Rising healthcare costs have forced many employers to rethink the type of coverage they offer employees. One option that’s especially popular these days is a high-deductible health plan (HDHP).
What is an HDHP?
As its name implies, an HDHP is a type of health coverage with a higher deductible and lower premium than a traditional healthcare plan. It ensures that employees are covered in the event of serious injuries and illness, but it doesn’t offer many extras. In other words, it’s a form of “catastrophic coverage.” In a true HDHP, all healthcare expenses (sometimes with the exception of preventive services) are paid out of pocket until the deductible is met.

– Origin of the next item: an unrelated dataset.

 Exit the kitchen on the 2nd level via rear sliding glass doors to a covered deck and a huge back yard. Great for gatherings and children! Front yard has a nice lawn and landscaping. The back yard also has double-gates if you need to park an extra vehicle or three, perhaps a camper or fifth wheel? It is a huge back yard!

The main catalyst for the growing popularity of HDHPs is the increasing cost of healthcare. Many companies (and their employees) don’t have the money to spend on traditional health coverage, but an HDHP is a viable option. The Kaiser Family Foundation’s 2016 Employer Health Benefits Survey found the percentage of employees enrolled in employer-sponsored HDHPs was only eight percent in 2009, but that grew to 29 percent in 2016.
What Are the Benefits?
The most glaring benefit is the lower premiums, which are more affordable than most traditional healthcare plans. In some cases, this is the only way that a company can realistically cover its employees. This makes it ideal for employees who seldom use their health benefits. If they don’t take any expensive medications, their monthly bills tend to be lower.
Another benefit is the ability to open a Health Savings Account (HSA), to help cover the out of pocket costs. An HSA is a tax-advantaged account you can contribute to for purposes of paying qualified medical expenses.
What Are the Drawbacks?
If an individual does require expensive medical care, they need to meet a high deductible before their coverage kicks in. The IRS defines the limits for an HDHP deductible and out-of-pocket maximum. For 2018, the deductible must be at least $1,350 for an individual or $2,700 for a family and the yearly out-of-pocket maximum can’t be more than $6,650 for an individual or $13,300 for a family.

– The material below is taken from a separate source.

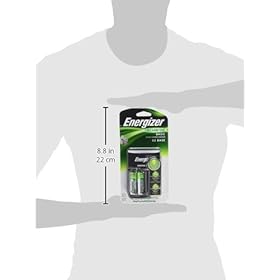 Includes 2 AA Energizer NiMH batteries with 1300 mAh charge capacity, pre-charged and ready to use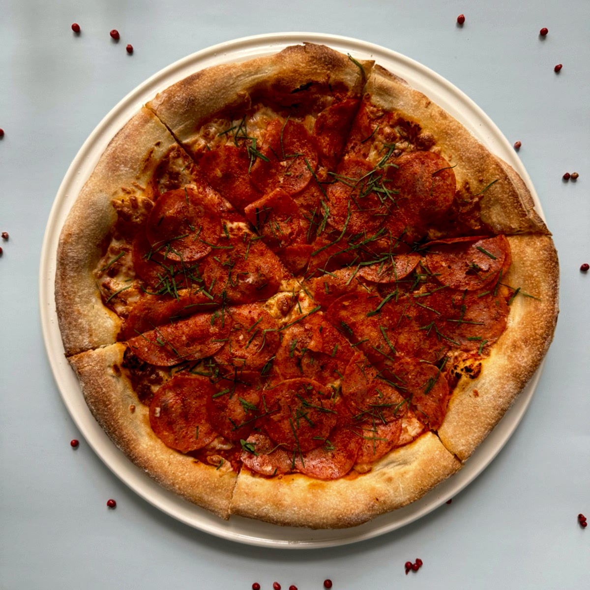 Пицца «Пепперони» - это классическое сочетание, превращенное в нечто более острое и насыщенное. На хрустящей корочке в сочетании с аппетитными ломтями пепперони и колбасками чоризо раскрывается богатство пикантных мясных вкусов. Нежная моцарелла идеально дополняет эту мясную гармонию, а копчёная паприка добавляет ароматную Pin-Up и лёгкую дымность. Соус аррабиата придаёт пицце нужную остроту, делая её по-настоящему яркой и выразительной.

In turn, this can create a real economic hardship for some employees. If a person undergoes surgery, makes frequent visits to the doctor, or requires expensive medication, it can be financially difficult.
Is it Right for Your Company?
Determining the viability of a consumer-driven health plan depends on two key factors—the overall healthcare needs of your workforce and how much you and your employees are willing to spend on healthcare. If those needs are minimal and you’re looking to save money, it’s definitely something to consider. Otherwise, it may not be the best option.
It’s easy to see why an HDHP would be of interest to many of today’s employers. This type of plan provides a means of providing employees with basic coverage without costing an arm and leg. Before you jump in head first, it’s critical to look at it from all angles to decide if it makes sense for your company.